◆ Data records

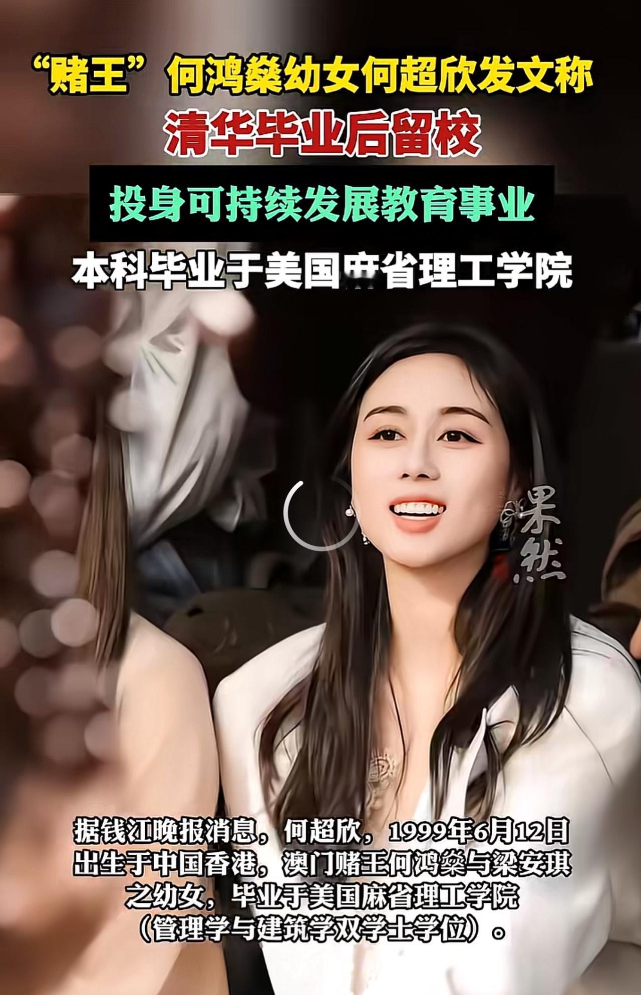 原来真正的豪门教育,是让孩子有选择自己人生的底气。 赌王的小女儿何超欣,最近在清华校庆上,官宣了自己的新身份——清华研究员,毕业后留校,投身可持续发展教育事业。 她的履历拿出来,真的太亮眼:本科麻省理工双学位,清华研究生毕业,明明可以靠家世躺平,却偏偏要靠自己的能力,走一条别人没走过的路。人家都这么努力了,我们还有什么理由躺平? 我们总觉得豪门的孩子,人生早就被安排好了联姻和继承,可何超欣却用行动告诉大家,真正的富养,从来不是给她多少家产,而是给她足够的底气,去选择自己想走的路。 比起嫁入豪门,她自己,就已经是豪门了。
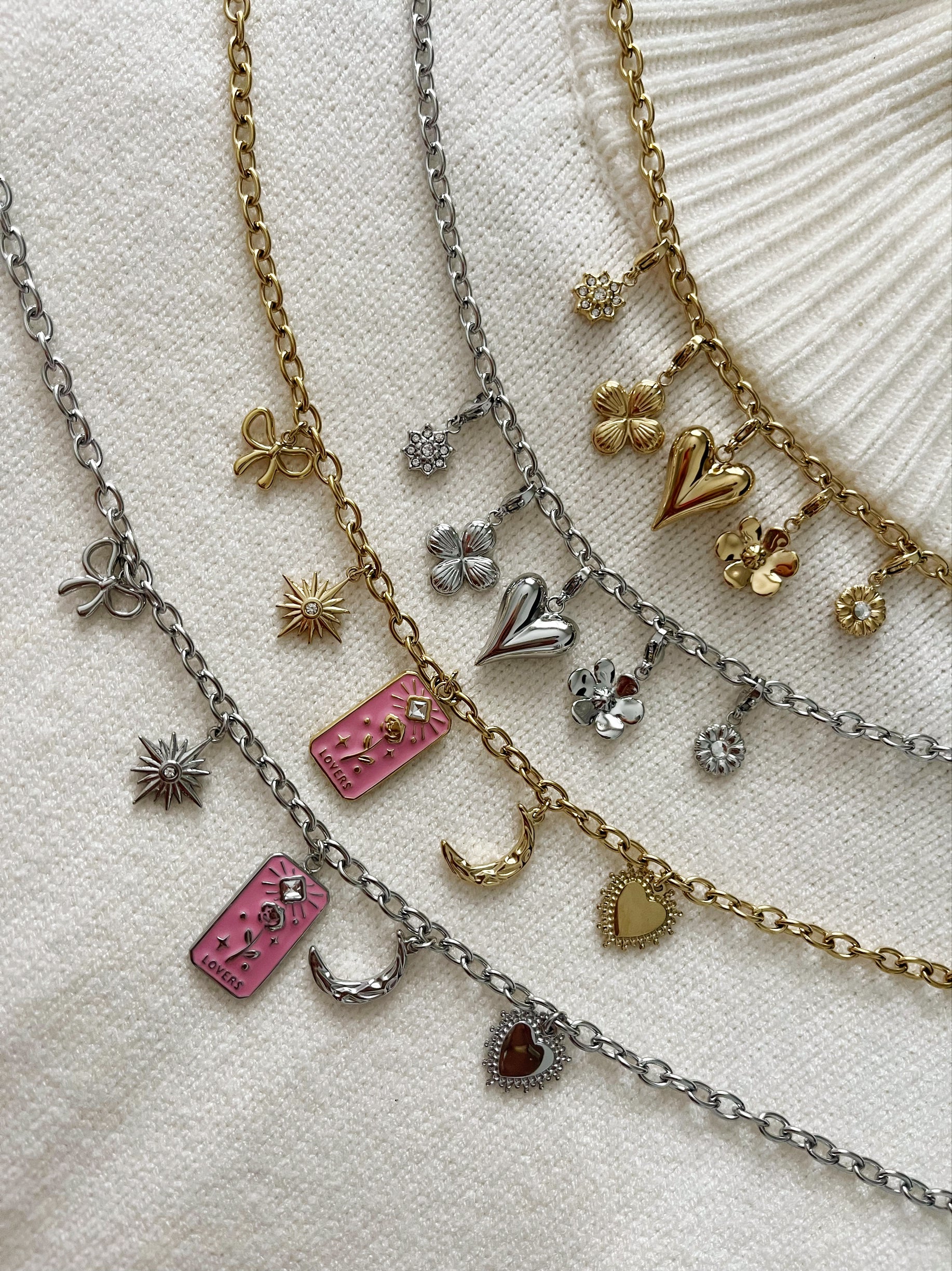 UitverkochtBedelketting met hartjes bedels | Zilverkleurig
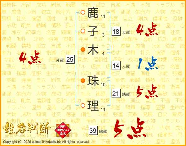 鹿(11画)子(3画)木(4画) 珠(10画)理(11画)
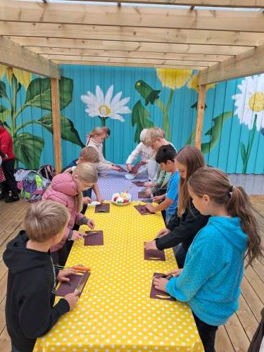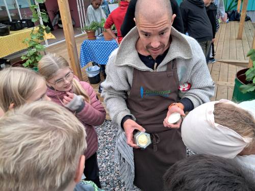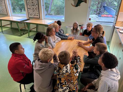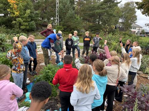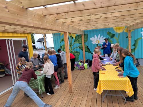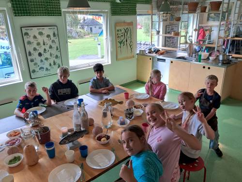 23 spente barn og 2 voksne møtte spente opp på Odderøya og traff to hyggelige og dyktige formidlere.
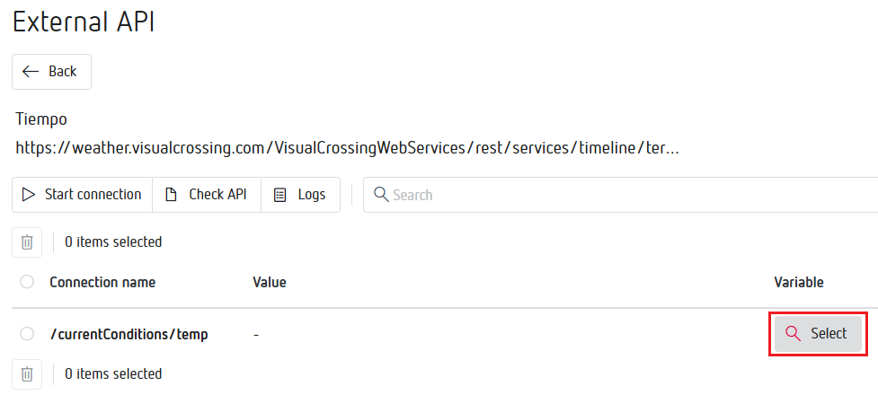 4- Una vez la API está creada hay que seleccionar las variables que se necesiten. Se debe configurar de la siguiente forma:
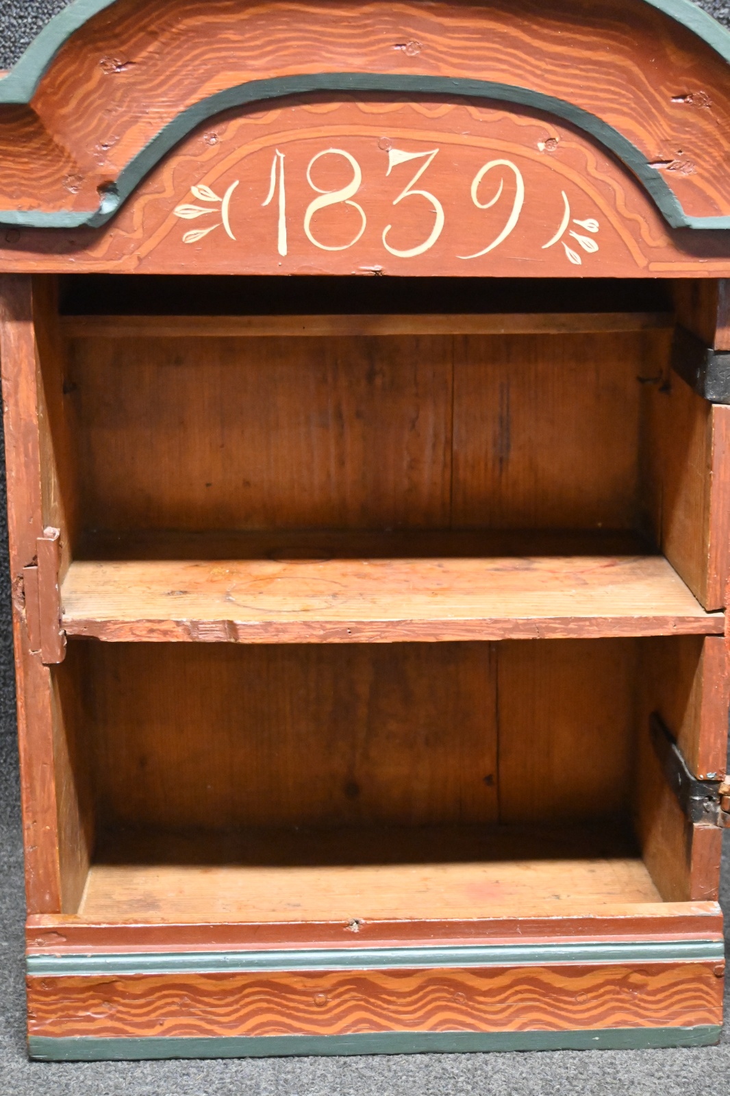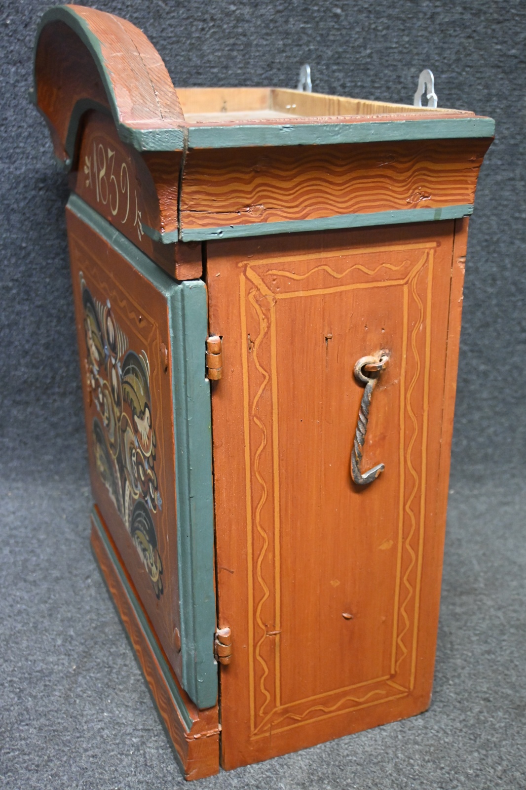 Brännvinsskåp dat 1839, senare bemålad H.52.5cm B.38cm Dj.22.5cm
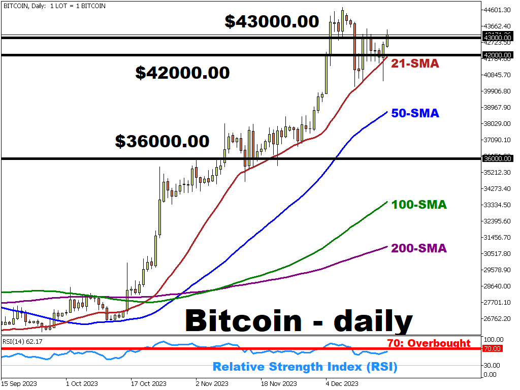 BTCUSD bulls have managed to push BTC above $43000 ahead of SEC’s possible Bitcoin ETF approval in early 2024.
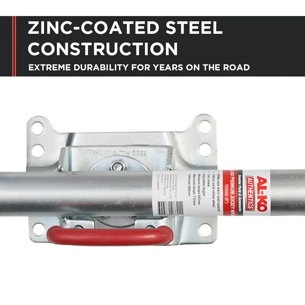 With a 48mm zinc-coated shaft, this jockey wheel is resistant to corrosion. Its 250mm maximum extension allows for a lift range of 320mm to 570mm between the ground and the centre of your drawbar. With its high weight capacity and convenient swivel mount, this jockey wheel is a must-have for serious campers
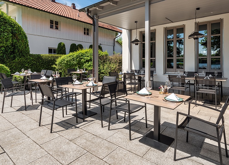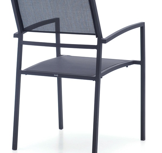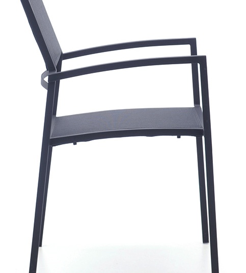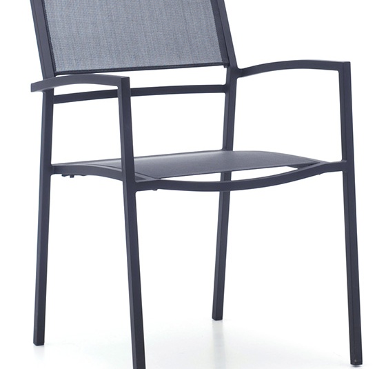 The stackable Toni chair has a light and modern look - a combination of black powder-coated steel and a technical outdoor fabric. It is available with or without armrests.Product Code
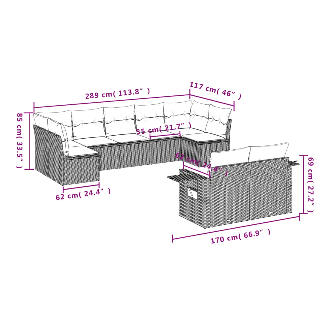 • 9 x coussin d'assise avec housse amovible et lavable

◆ Exercise prompt
Copy only the part of the records that runs from the first line to the line with "BTCUSD bulls have", ends included, leaving pictures out.

◆ Answer box
 原来真正的豪门教育,是让孩子有选择自己人生的底气。 赌王的小女儿何超欣,最近在清华校庆上,官宣了自己的新身份——清华研究员,毕业后留校,投身可持续发展教育事业。 她的履历拿出来,真的太亮眼:本科麻省理工双学位,清华研究生毕业,明明可以靠家世躺平,却偏偏要靠自己的能力,走一条别人没走过的路。人家都这么努力了,我们还有什么理由躺平? 我们总觉得豪门的孩子,人生早就被安排好了联姻和继承,可何超欣却用行动告诉大家,真正的富养,从来不是给她多少家产,而是给她足够的底气,去选择自己想走的路。 比起嫁入豪门,她自己,就已经是豪门了。
 UitverkochtBedelketting met hartjes bedels | Zilverkleurig
 鹿(11画)子(3画)木(4画) 珠(10画)理(11画)
 23 spente barn og 2 voksne møtte spente opp på Odderøya og traff to hyggelige og dyktige formidlere.
 4- Una vez la API está creada hay que seleccionar las variables que se necesiten. Se debe configurar de la siguiente forma:
 Brännvinsskåp dat 1839, senare bemålad H.52.5cm B.38cm Dj.22.5cm
 BTCUSD bulls have managed to push BTC above $43000 ahead of SEC’s possible Bitcoin ETF approval in early 2024.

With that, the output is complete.